FDA and Europe at Odds Over Meridia Ban, a Perfect Storm for Lawsuits

Last Updated Jan 22, 2010 11:35 AM EST

The bell appears to be tolling for Meridia (sibutramine), Abbott Labs (ABT)'s diet drug. The European Medicines Agency banned the drug on Thursday, saying the increased risk of heart attacks outweigh its benefits.

That puts Europe and the U.S. on a collision course over the drug: On Wednesday, the FDA restricted its use in the U.S. to patients who do not have heart problems but kept the drug on the market. At the same time, there have been calls to ban the drug in the U.S. since 2002.

Plaintiffs' lawyers will be sharpening their knives over the news: There's a dangerous drug on the market in America, generating heart problems -- and new clients. The question now becomes, What did Abbott know about cardiovascular events with Meridia, and when did the company know it?

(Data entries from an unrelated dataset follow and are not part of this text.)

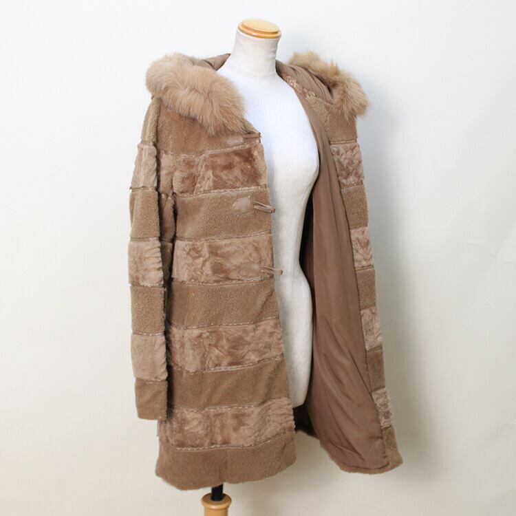 【サイズ(最大部を計測)】肩幅約39cm 身幅約90cm 着丈約81cm 袖丈約60cm 【重さ】約1000g 【ポケット】外側2つ 【留め具】ボタン×1・トグルボタン×3 【裏地】有り 【素材】パールラム・レッキスラビット 【生産国】中国
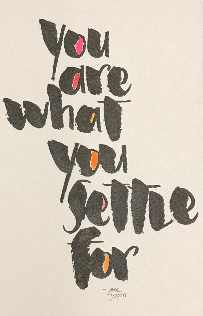 I think it’s tempting for us to visualize a quote like that by focusing on other people who may want to hold us down. But the focus of the quote is you not others. The part that makes it work isn’t the other people, it is about being clear on who you are and who you are not. For Janice Joplin settling for less wasn’t about being rich and famous, for her settling for less was living her life by being her full self.
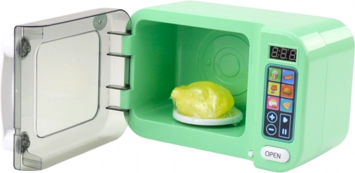 Zelena otroška mikrovalovna pečica je odlična izbira za vsakega malega kuharja, ki rad posnema odrasle in uživa v igri kuhanja. Zasnovana z občutkom za detajle, ta igrača prinaša realističen videz pravega aparata, hkrati pa je popolnoma varna in prilagojena potrebam najmlajših. Zaradi kompaktnih mer in ergonomskega dizajna odlično sede v otroške roke, upravljanje pa je zelo intuitivno.
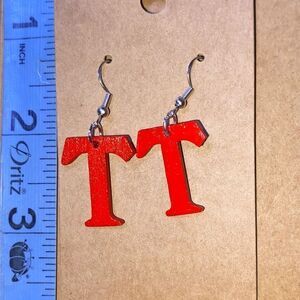 ☀️3/$12☀️ Letter “T” Earrings with Sterling Silver Hooks. (Red)
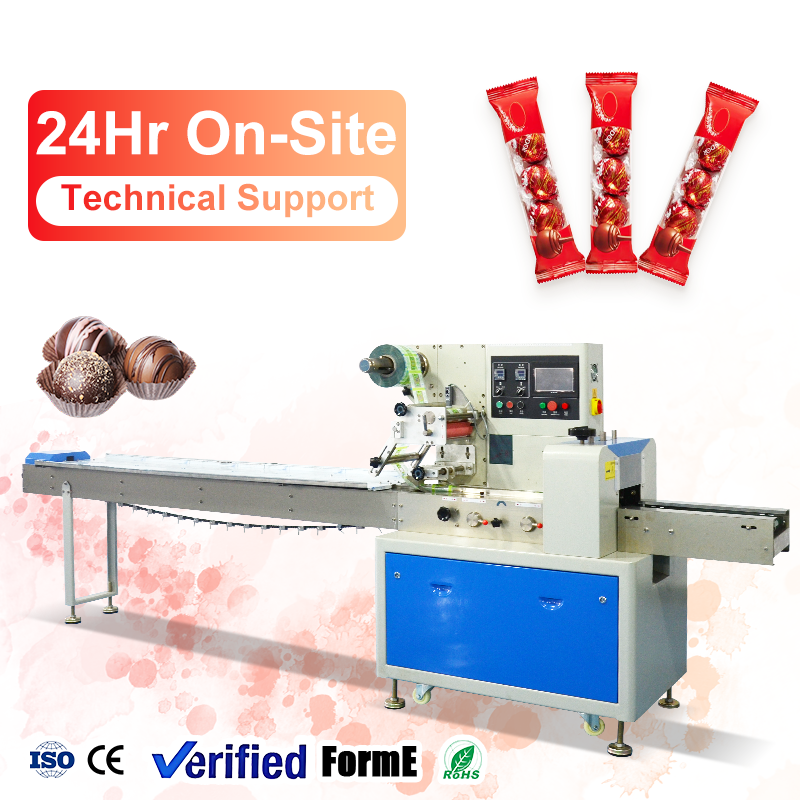 Machine d'emballage horizontale entièrement automatique pour sachets de bonbons au caramel et au chocolat avec système de scellage de film haute vitesse
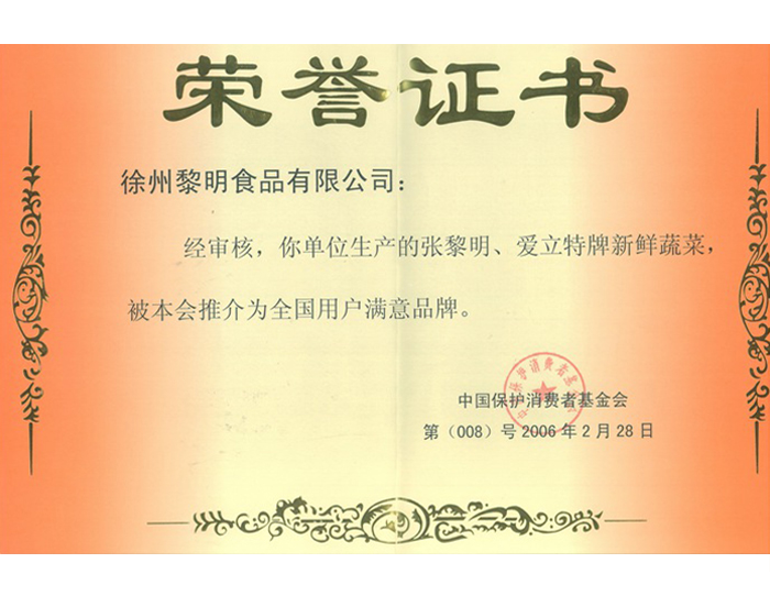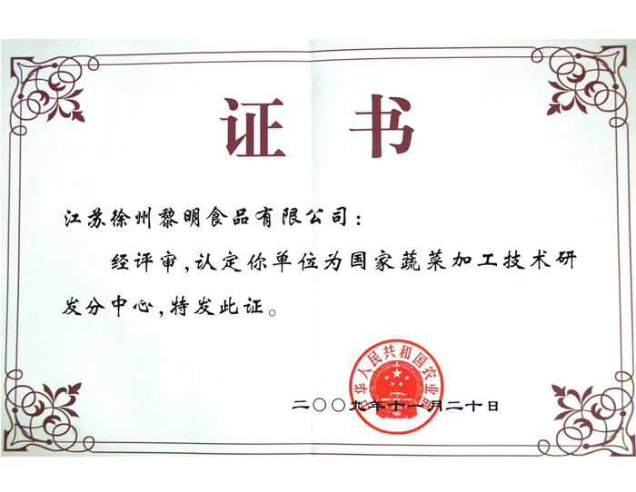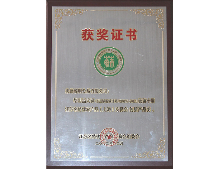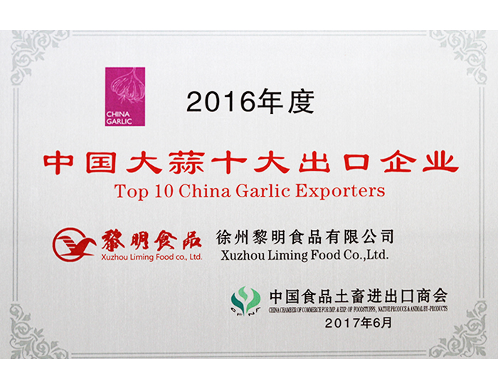 江蘇黎明食品集團有限公司先后榮獲“中國大蒜十大出口商”、“大蒜年會突出貢獻獎”榮譽稱號。
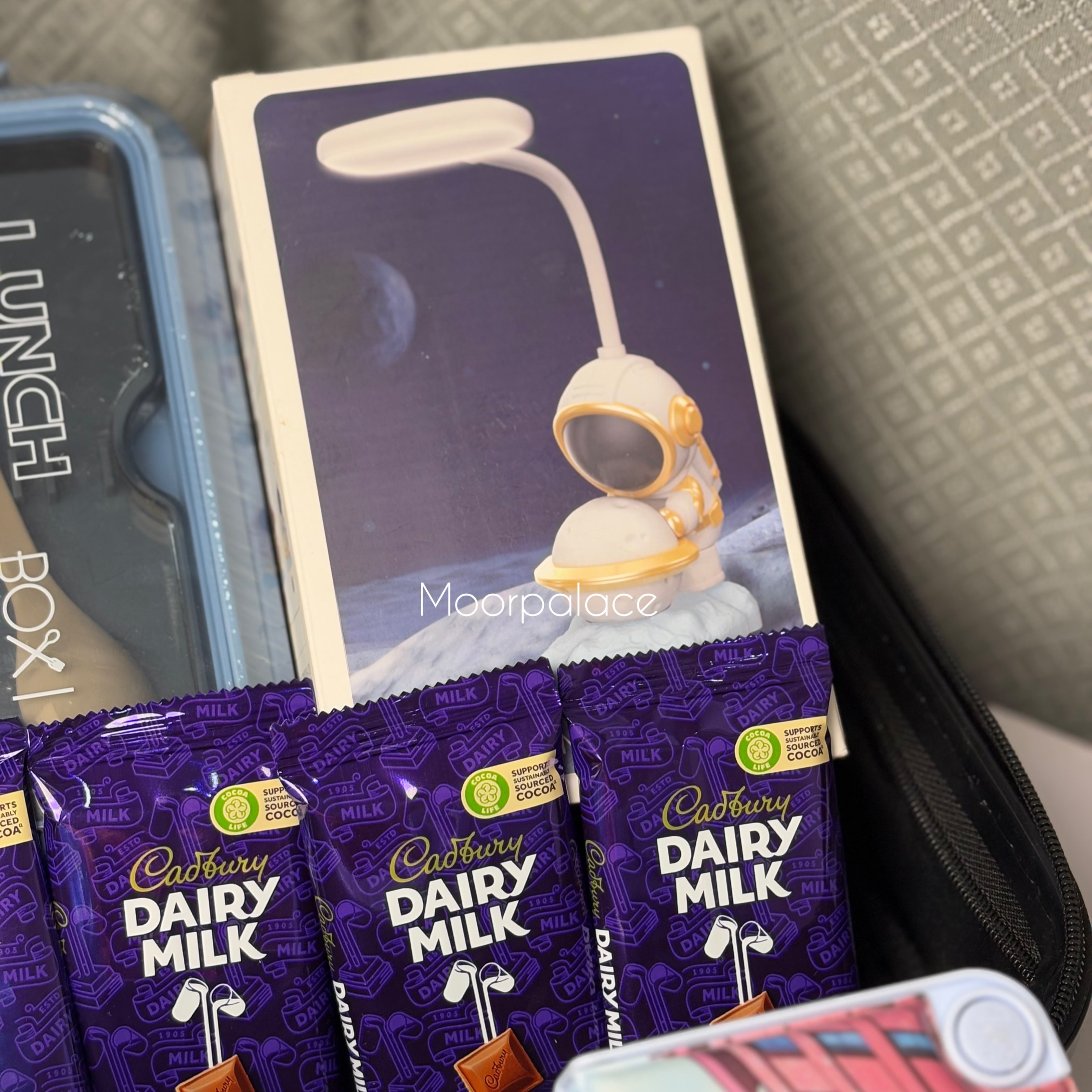 This space theme deal has stationary box, table lamp, markers, bottle, 5in1 pen, lunch box, watch, can wipes, color box, water bottle, paper soap, mix chocolates along with the suitcase.
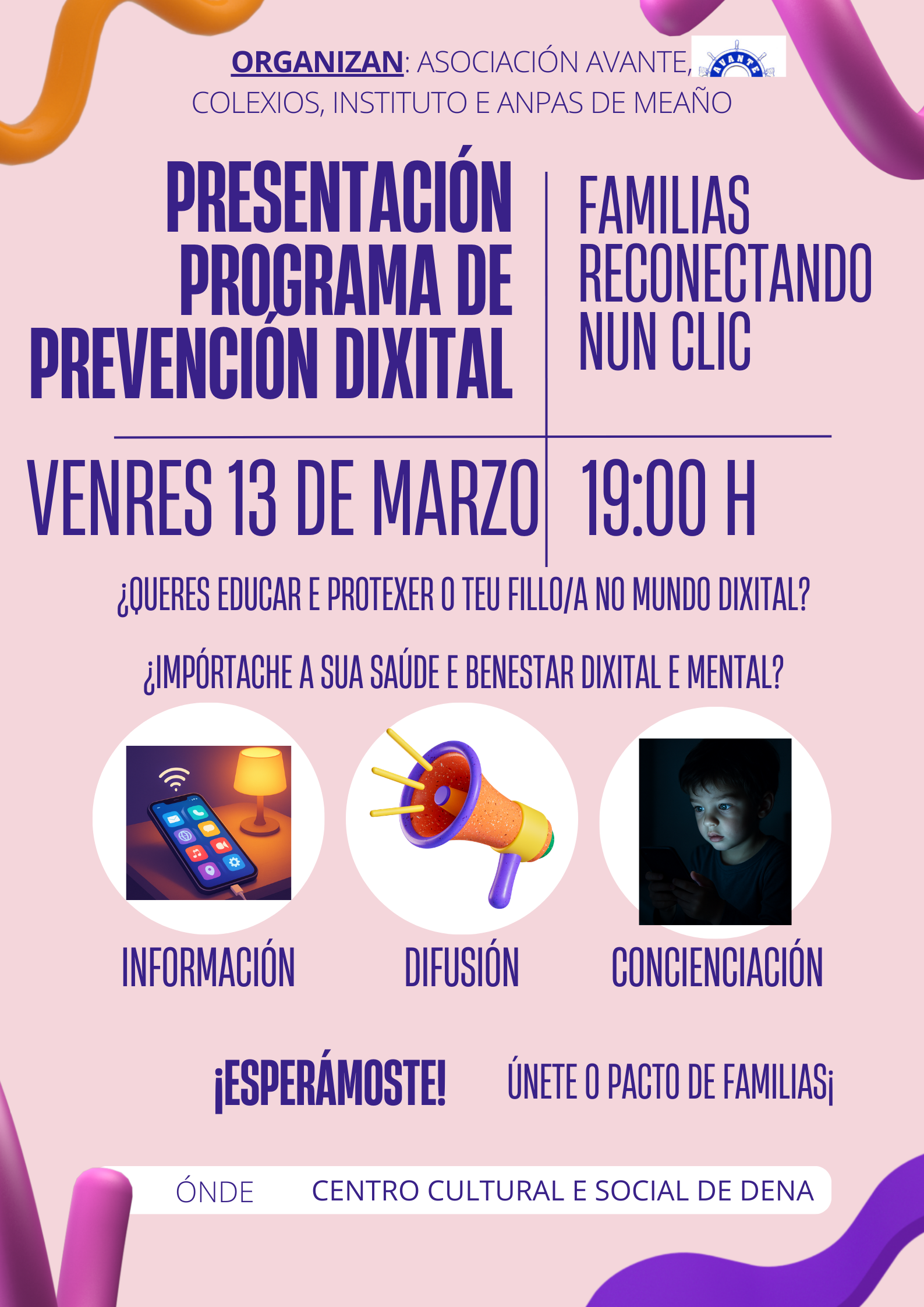 A crecente dependencia das pantallas desde idades cada vez máis temperás mobilizou á comunidade educativa de Meaño. A Asociación Avante —con máis de tres décadas de experiencia na prevención de condutas aditivas— uniu forzas co IES de Meaño, os CEIP As Covas e Coirón de Dena, e as súas respectivas asociacións de nais e pais para lanzar o programa “Familias Reconectando nun Clic”. A iniciativa presentarase de forma oficial este vindeiro venres, 13 de marzo, ás 19:00 horas no Centro Social e Cultural de Dena.
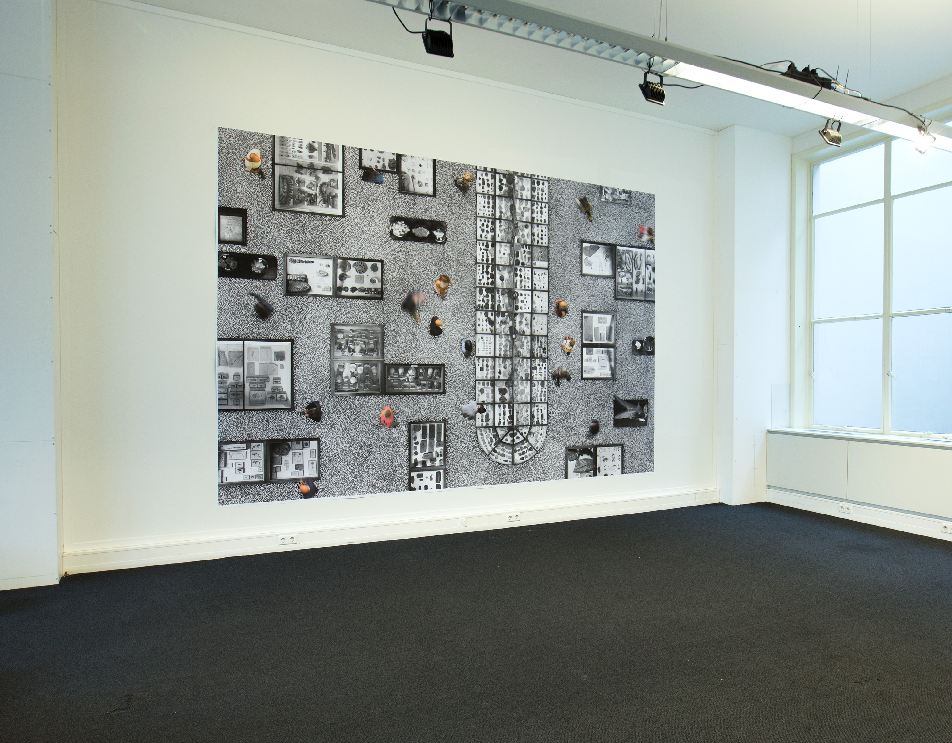 Founded in 1784, the Teylers Museum is the first and oldest museum in the Netherlands. It is a museum for both art and science that displays artistic endeavours like paintings alongside scientific objects and paraphernalia. The long vitrine in the middle of the picture is unique and typical for the museum. The museum even has several fake artefacts on exhibit, a prank that malicious colleagues pulled on the collector and amateur-archaeologist Johann Beringer. As the picture is quite large you can see all the details of the fossils and skeletons. The vitrines, the objects, and the floor are all in black and white while the visitors are portrayed in colour. This is to emphasise the contrast between the history of the museum and the dynamics of the people present. This work is an interpretation of a classic display that shows the collecting and archiving of artefacts. It elucidates that art, or the perception of art, is not exclusively reserved for the process of conceiving or making but still happens in the 'afterlife' of objects.
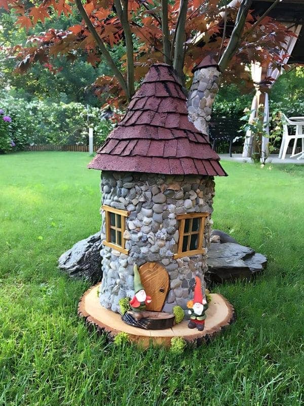 If you love a sturdy, classic look, this circular dwelling is perfect. It features a rotund miniature house with walls completely covered in smooth, gray river stones, topped by a reddish-brown conical roof. The whole structure is firmly anchored on a large, flat wooden log slice, surrounded by soft lawn and two adorable gnomes standing guard.
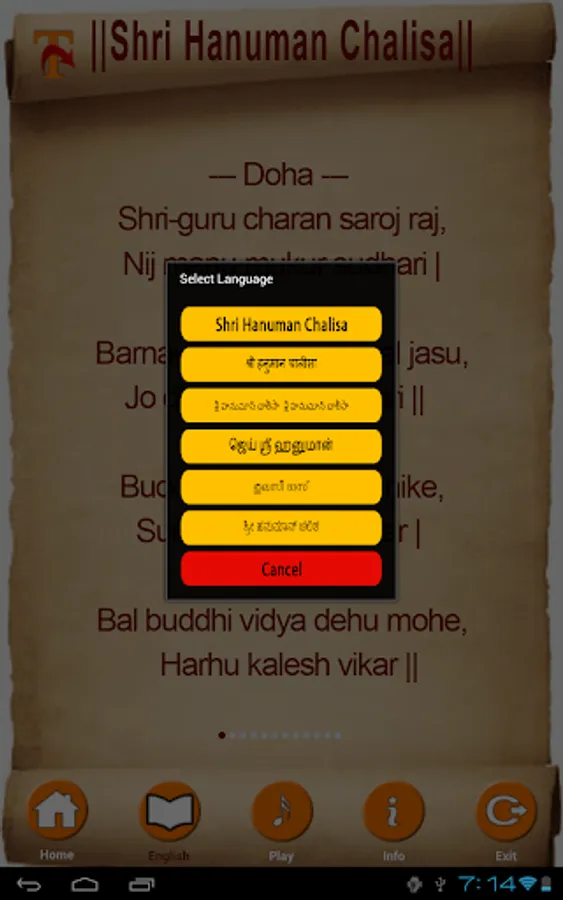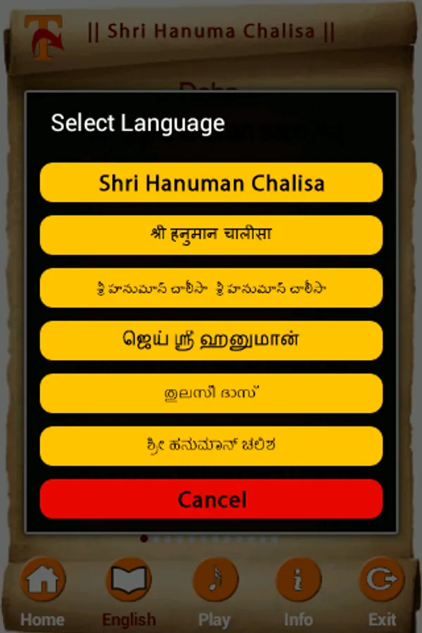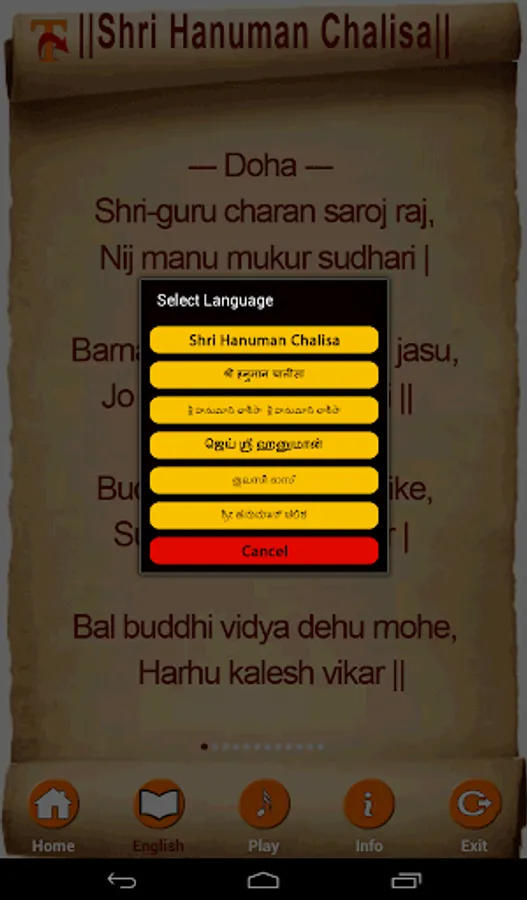 Listen, read and recite hanuman chalisa multiple language with audio sync feature in most popular language.

The Europeans banned the drug because the FDA found that an extra 1 percent or more of users develop heart problems after taking it. There were 86,000 European users in the past year, the BBC reported, which means that 860 have damaged hearts because of Meridia. Officials said the drug doesn't work very well anyway:

Dr June Raine, of the [Medicines and Healthcare Products Regulatory Agency], said: "Evidence suggests that there is an increased risk of non-fatal heart attacks and strokes with this medicine that outweigh the benefits of weight loss, which is modest and may not be sustained in the long term after stopping treatment.
We can even calculate the number of potential plaintiffs against Abbott: Public Citizen said there were 249,000 users in the U.S. In the FDA's study, an extra 70 patients of 5,000 taking Meridia developed heart problems compared to the placebo group. That means about 3,486 American patients developed heart problems from Meridia in just the last year.